Sputtering, referring to vapor deposition of an ion-bombarded target metal to form a thin film on a substrate, is widely used in the electronics industry. Thin-film magnetic recording disks, for example, are advantageously formed by sputtering successive thin-film layers, including an outer magnetic thin film, on a suitable disk-like substrate. Thin-film sputtering may be used in preparing optical recording medium and in semiconductor fabrication, for producing metal conductive layers on a silicon substrate.
The usual sputtering apparatus consists of a front load-in chamber, one or more sputtering stations at which thin-film layers are deposited on a substrate as the substrate passes through the station(s), and a load-out chamber at the opposite end of the apparatus. Housed in each load chamber is a vertically shiftable magazine constructed for holding a plurality of stacked pallets.
In operation, the apparatus, including the two end chambers, is sealed and evacuated, e.g., to a working vacuum of about 10.sup.-7 Torr or less, and the load-in magazine is lowered to place the lowermost pallet on the magazine onto a conveyor which conveys that pallet through the sputtering station(s) and onto the magazine in the load-out chamber. The two magazines are operated to transfer the vertically stacked pallets successively onto the conveyor, in a bottom-to-top direction in the load-in chamber, and in a top-to-bottom direction in the load-out chamber. After all the pallets have been processed, the apparatus is opened, the pallets removed from the load-out chamber, and a series of fresh substrate-supporting pallets stacked on the magazine in the load-in chamber.
Heretofore, loading and unloading the pallets from a plating apparatus of this type has required inserting the pallets individually into the load-in magazine, and similarly removing the processed pallets individually from the load-out magazine. Transferring pallets to and from the apparatus chambers in this manner is relatively time-consuming, and the loading and unloading time can also lead to significant moisture accumulation in the entire system, requiring longer pump-down times to achieve the desired operational vacuum. Typically, the loading, unloading, and pump-down steps require between 1 and 2 hours for an apparatus in which the total sputtering operation cycle is only about 2 hours. That is, the loading and unloading operation can reduce the total operational time of the apparatus by at least about 50%. Given the high cost of sputtering machines, this lost time represents a serious additional cost in lost production and/or additional machine investment.
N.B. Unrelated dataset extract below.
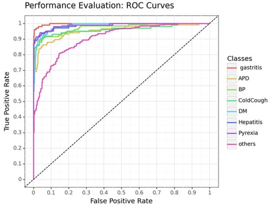 The DenseNet-121 model is utilised for the classification of diseases. The dataset comprised seven distinct disease labels and an additional one, which consisted of all diseases with fewer than 10 subjects in each category. Model training stopped at 41 epochs. The disease classification model with DenseNet-121 architecture took over 18 h to train. Table 4 shows the performance parameters for the eight labels considered in the test data of 474 images. The ROC curve in Figure 6 gives an idea of true positive predictions for each category.

Another limitation of the above pallet-loading and unloading procedure is that, in sliding the trays into or out of the magazines, frictional contact between the edges of the pallets and the supporting surfaces of the magazines generates metal particles which get drawn into the apparatus during pump down. These particles, when deposited on the substrates during sputtering, seriously compromise the quality of the resulting sputtered medium, usually requiring that the contaminated medium be discarded.